Data extracted from a collection
--------------------

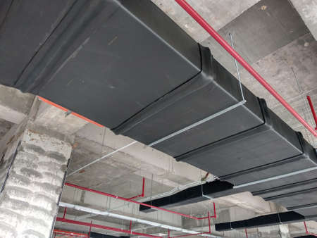 Ceiling insulation, ventilation system air ducts, fire extinguishing system pipes, electric cable channels under the ceiling of the Parking lot on the open ground floor of the building
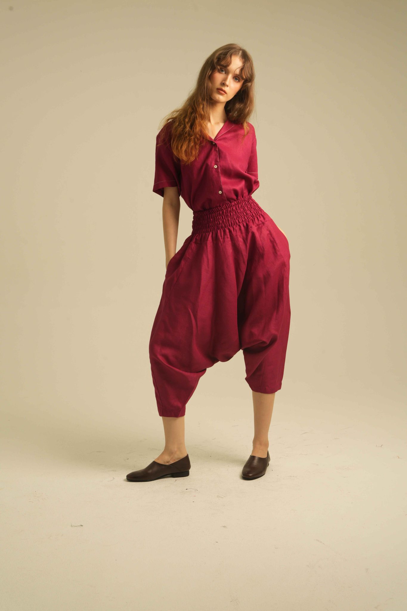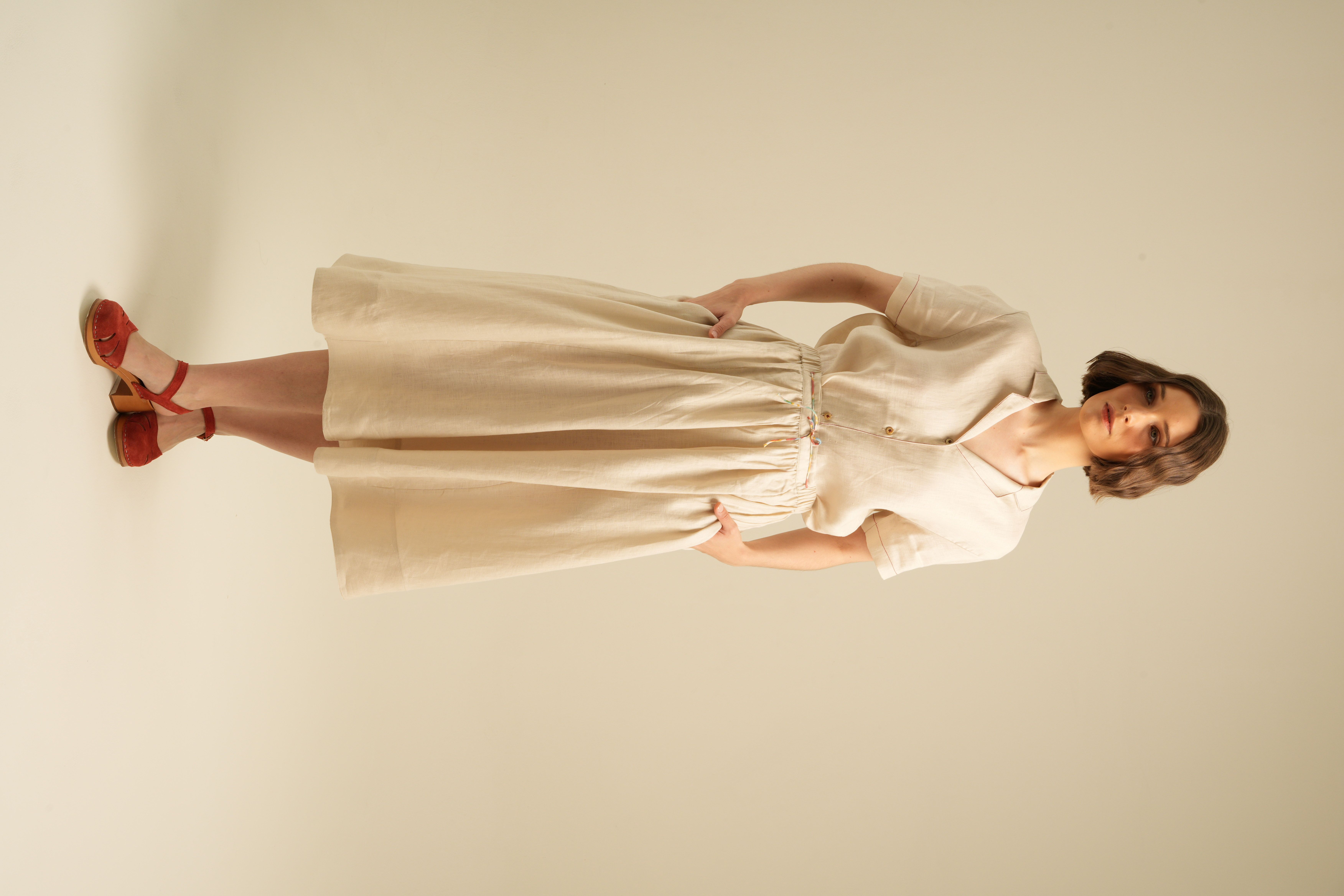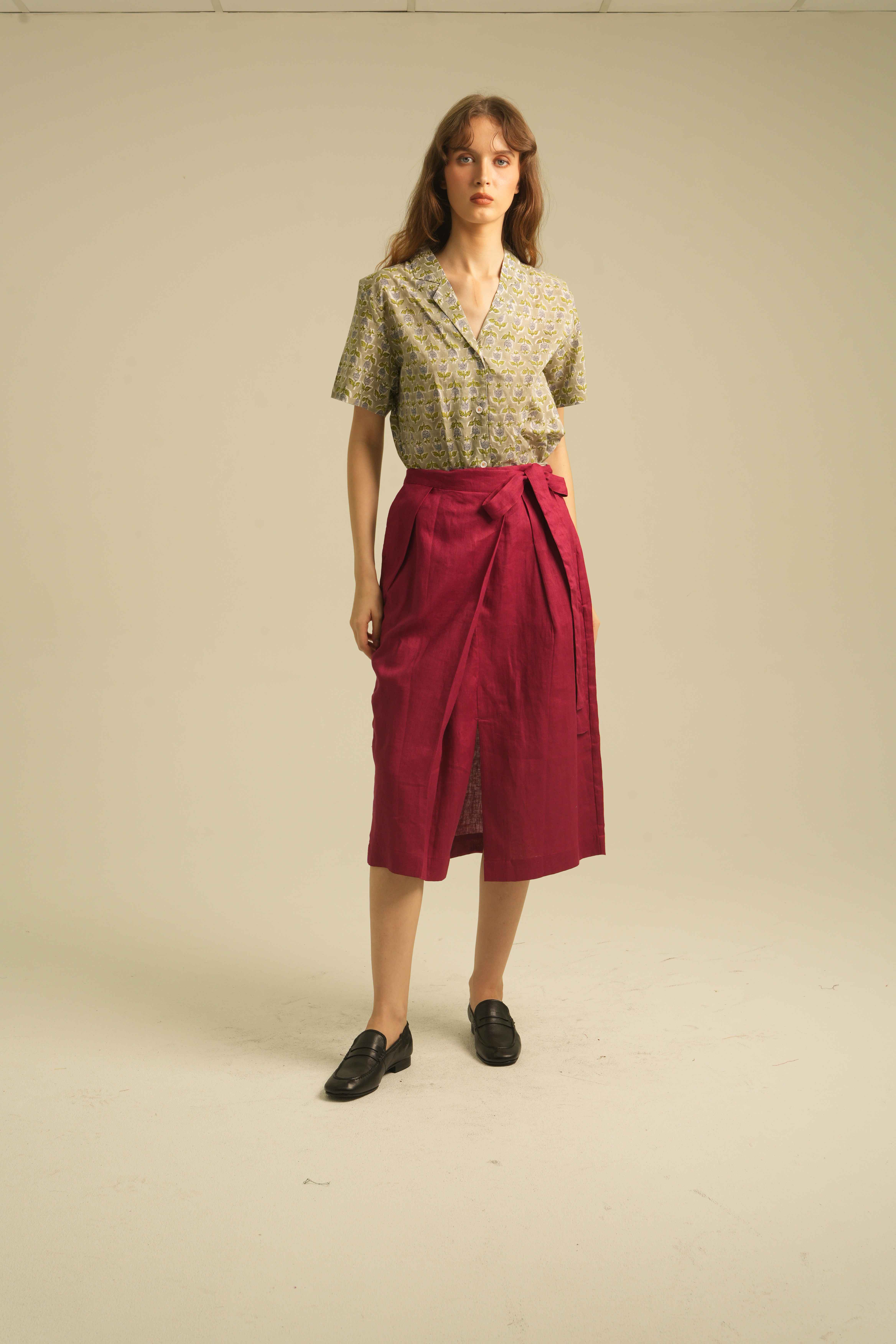 Relaxed Short Sleeves Shirt with Detailed Stitches. Made of 100% Premium Linen
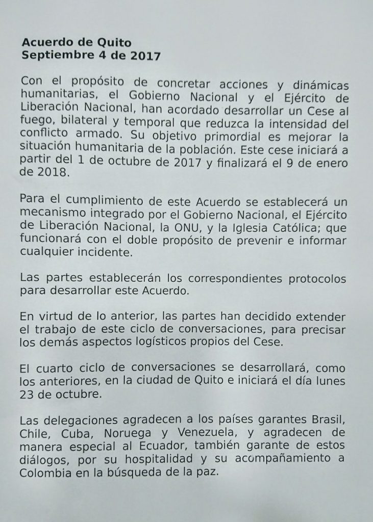 “Hoy, 4 de septiembre, exactamente 5 años después de que anunciamos el acuerdo marco con las Farc que nos condujo a la paz con esa organización guerrillera, vamos a firmar en Quito, después de intensas negociaciones que terminaron esta madrugada, un acuerdo para declarar un cese al fuego y de hostilidades bilateral con el Eln”, informó el Mandatario en una declaración a 48 horas de que llegue a Colombia el Papa Francisco y precisó que dicho cese entrará a regir el próximo 1° de octubre.
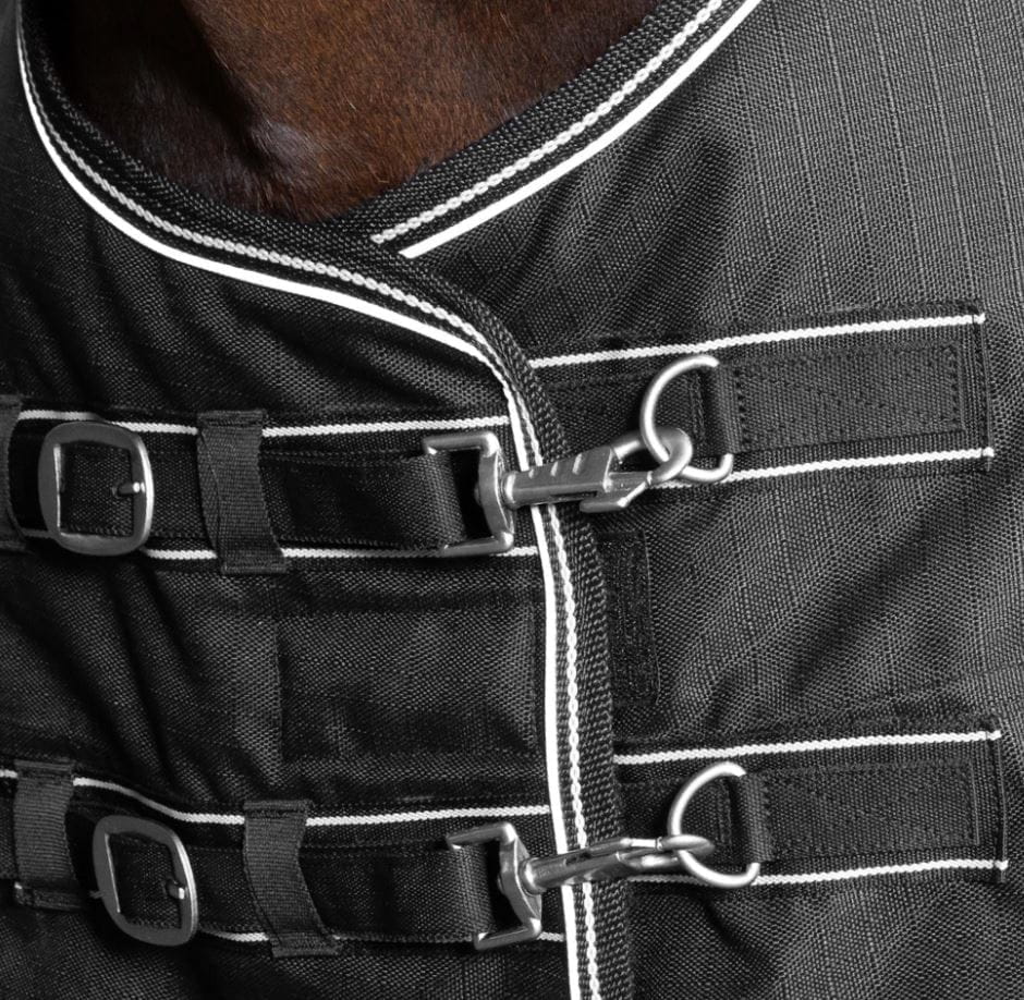 Die Decke verfügt über eine Vielzahl weiterer praktischer Features, darunter reflektierende Kordeln und Aufschriften, die die Sichtbarkeit Ihres Pferdes bei schlechten Lichtverhältnissen verbessern. Der doppelt verstellbare Frontverschluss mit Karabinerhaken und D-Ringen sorgt für eine sichere Passform. Kreuzgurte und ein einfach zu säubernder Schweifriemen sind weitere nützliche Details.
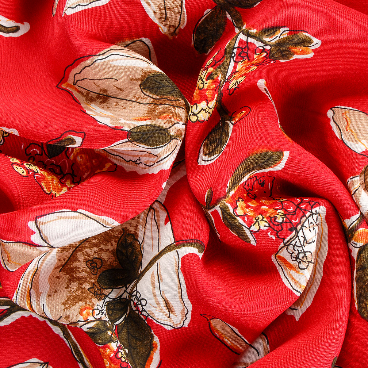 Šatová viskozová látka s romantickým vzorem květů v hnědokrémových barvách na malinově červeném podkladě vhodná na letní šaty. Viskozová šatovka je jemná, splývavá a pružná látka. Není průsvitná, nepotřebujete tedy podšívku, má matný povrch a je velmi příjemná na omak.

--------------------

▶ EXERCISE GOAL: Set down all the entries above verbatim, and include none of the pictures.

▶ RESULT OF THIS TASK:
 Ceiling insulation, ventilation system air ducts, fire extinguishing system pipes, electric cable channels under the ceiling of the Parking lot on the open ground floor of the building
 Relaxed Short Sleeves Shirt with Detailed Stitches. Made of 100% Premium Linen
 “Hoy, 4 de septiembre, exactamente 5 años después de que anunciamos el acuerdo marco con las Farc que nos condujo a la paz con esa organización guerrillera, vamos a firmar en Quito, después de intensas negociaciones que terminaron esta madrugada, un acuerdo para declarar un cese al fuego y de hostilidades bilateral con el Eln”, informó el Mandatario en una declaración a 48 horas de que llegue a Colombia el Papa Francisco y precisó que dicho cese entrará a regir el próximo 1° de octubre.
 Die Decke verfügt über eine Vielzahl weiterer praktischer Features, darunter reflektierende Kordeln und Aufschriften, die die Sichtbarkeit Ihres Pferdes bei schlechten Lichtverhältnissen verbessern. Der doppelt verstellbare Frontverschluss mit Karabinerhaken und D-Ringen sorgt für eine sichere Passform. Kreuzgurte und ein einfach zu säubernder Schweifriemen sind weitere nützliche Details.
 Šatová viskozová látka s romantickým vzorem květů v hnědokrémových barvách na malinově červeném podkladě vhodná na letní šaty. Viskozová šatovka je jemná, splývavá a pružná látka. Není průsvitná, nepotřebujete tedy podšívku, má matný povrch a je velmi příjemná na omak.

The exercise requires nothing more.